▶ MATERIALS PROVIDED:
-=-=-=-=-

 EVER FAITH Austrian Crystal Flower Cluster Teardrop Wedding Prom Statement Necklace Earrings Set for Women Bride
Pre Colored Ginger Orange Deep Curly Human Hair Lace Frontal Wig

-=-=-=-=-

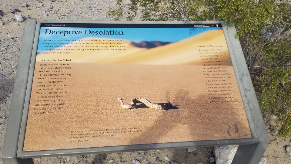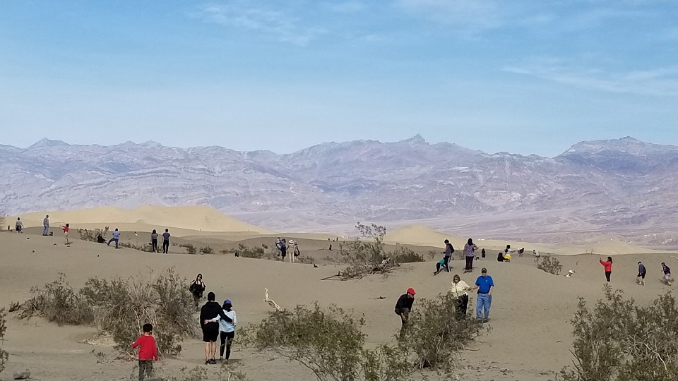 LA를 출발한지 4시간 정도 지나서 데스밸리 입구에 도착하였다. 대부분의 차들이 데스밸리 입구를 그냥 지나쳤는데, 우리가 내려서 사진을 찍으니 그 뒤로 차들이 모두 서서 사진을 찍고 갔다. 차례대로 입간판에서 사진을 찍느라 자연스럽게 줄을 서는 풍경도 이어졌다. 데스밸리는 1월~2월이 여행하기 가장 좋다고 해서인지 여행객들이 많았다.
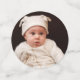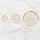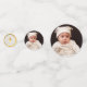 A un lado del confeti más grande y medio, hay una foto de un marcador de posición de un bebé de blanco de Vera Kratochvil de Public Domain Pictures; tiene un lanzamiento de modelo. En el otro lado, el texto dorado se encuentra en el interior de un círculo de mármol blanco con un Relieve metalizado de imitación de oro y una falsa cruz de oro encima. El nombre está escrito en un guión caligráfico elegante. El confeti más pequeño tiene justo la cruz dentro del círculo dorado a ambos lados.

-=-=-=-=-

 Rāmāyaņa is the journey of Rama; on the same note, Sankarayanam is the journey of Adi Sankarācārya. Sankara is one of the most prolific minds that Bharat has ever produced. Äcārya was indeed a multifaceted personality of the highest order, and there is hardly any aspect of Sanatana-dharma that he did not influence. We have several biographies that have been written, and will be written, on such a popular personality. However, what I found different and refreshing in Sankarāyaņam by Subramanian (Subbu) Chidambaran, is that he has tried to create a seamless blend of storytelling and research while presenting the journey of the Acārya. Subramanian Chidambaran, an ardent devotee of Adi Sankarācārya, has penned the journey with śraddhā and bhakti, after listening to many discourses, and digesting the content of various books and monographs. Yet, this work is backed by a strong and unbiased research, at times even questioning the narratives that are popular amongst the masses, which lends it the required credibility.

-=-=-=-=-

▶ INSTRUCTIONS FOR THE TASK: Every line above from the line with "EVER FAITH Austrian" to the line with "Pre Colored Ginger", inclusive, must be returned exactly; no other line belongs in the reply.

▶ FINAL ANSWER:
 EVER FAITH Austrian Crystal Flower Cluster Teardrop Wedding Prom Statement Necklace Earrings Set for Women Bride
Pre Colored Ginger Orange Deep Curly Human Hair Lace Frontal Wig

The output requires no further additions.